Around the Mall & Beyond
The Smithsonian, the world's largest museum and research complex, has yet another address http://www.si.edu on the World Wide Web; so put your feet up and come visit the new 'Museum Without Walls'
- By Michael Kernan
- Smithsonian magazine, October 1995, Subscribe
(Page 3 of 4)
I click on the words "Ocean Planet Online" on the general menu of offerings from NMNH and I get a layout of the rooms of the exhibit, a traveling show that opened in April. Clicking on the room labeled "Immersion" brings up a pretty logo and a short burst of words. "In ways we may never have even imagined," the screen tells me, "we're all seafarers. After thousands of years of seafaring, we're only beginning to fathom the workings of our watery planet."
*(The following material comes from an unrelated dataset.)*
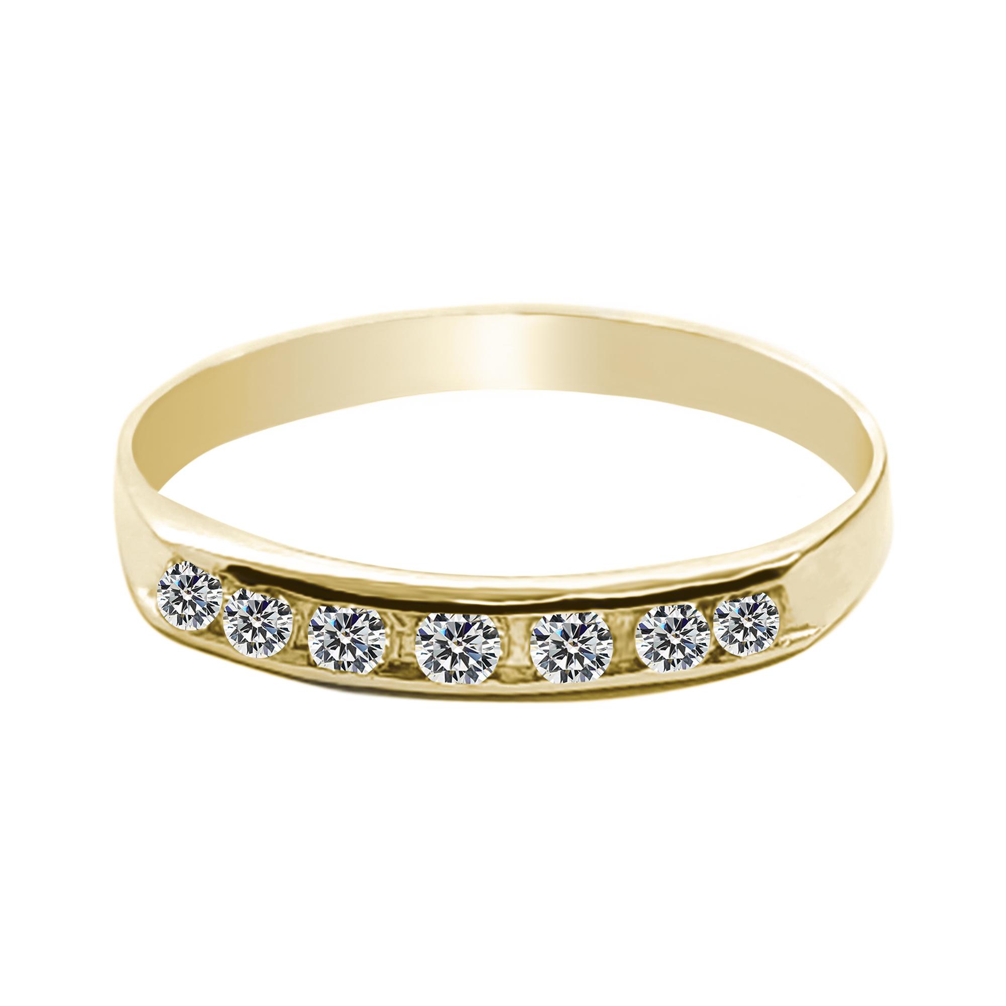 Un diseño clásico con un toque de brillo único. Este solitario está elaborado en oro amarillo 18K y presenta siete circones blancos embutidos en el cuerpo del anillo. El embutido realza la luminosidad de cada piedra manteniendo una superficie lisa y elegante, ideal para quienes valoran la comodidad sin dejar de lado el estilo. Una joya sofisticada y versátil, pensada para acompañar tanto el uso diario como las ocasiones más especiales.

I can click on a montage of seagulls, buoys, boats and fish to hear the sounds of waves, the call of the birds, the buoy bells and so on. But that's merely a frill. Clicking my way along from room to room, I visit the sections on ocean science, sea people, the sea store, oceans in peril, heroes and others.
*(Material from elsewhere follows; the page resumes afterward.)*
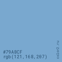Цвет #79A8CF в цветовой модели RGB обозначается тремя октетами (121, 168, 207) в десятичном формате и #79A8CF в шестнадцатиричном (hex) формате, которые являются интенсивностью красного 121 (hex 79), интенсивность зелёного 168 (hex A8) и интенсивность синего 207 (hex CF).

Invited to go deeper by choosing from a list of subsections, I pick "El Niño" and get another map and still more information and yet another list of even more in-depth subjects including "El Niño and the Southern Oscillation: A Reversal of Fortune," which happens to be a master's thesis by Kimberly Amaral.
El Nino, I read, is a mysterious wind shift in the Pacific that occurs every two to seven years around November or December (hence the name "Niño," "the Christ Child"), when the westerly trade winds subside and allow the warm water they have been pushing to the west to flow back into the eastern Pacific. Everywhere, things go crazy. Fish, robbed of nutrient-rich cool water, die. There are droughts in Australia, Southern Africa and India; cyclones in Tahiti; mud slides in Colorado; floods in Peru.
Another section concerns the risks at sea, featuring a lot of statistics and stuff about memorials and rituals of the seafaring folk. There are pictures of the many artifacts connected with risk, from memorial wreaths to be cast on the water to weather charms and survival suits.
By now I have pretty well mastered the virtual Ocean Planet, I think. Time to head over to the real museum.
People in shorts, people in T-shirts, mothers and babies, groups of schoolchildren, tour leaders with furled umbrellas — pretty much the standard summer crowd at a Washington museum. Once inside, information pours over me.
Here is a glass tower filled with Nike sneakers. Is this relevant? Oh yes: 60,000 of them fell off a ship in the northeast Pacific in 1990. Some washed up a year later in Oregon; by '93 some had reached Hawaii; more are expected on the Atlantic coast by '96, brought by the ponderous movements of a gyre, a tremendous circular ocean current.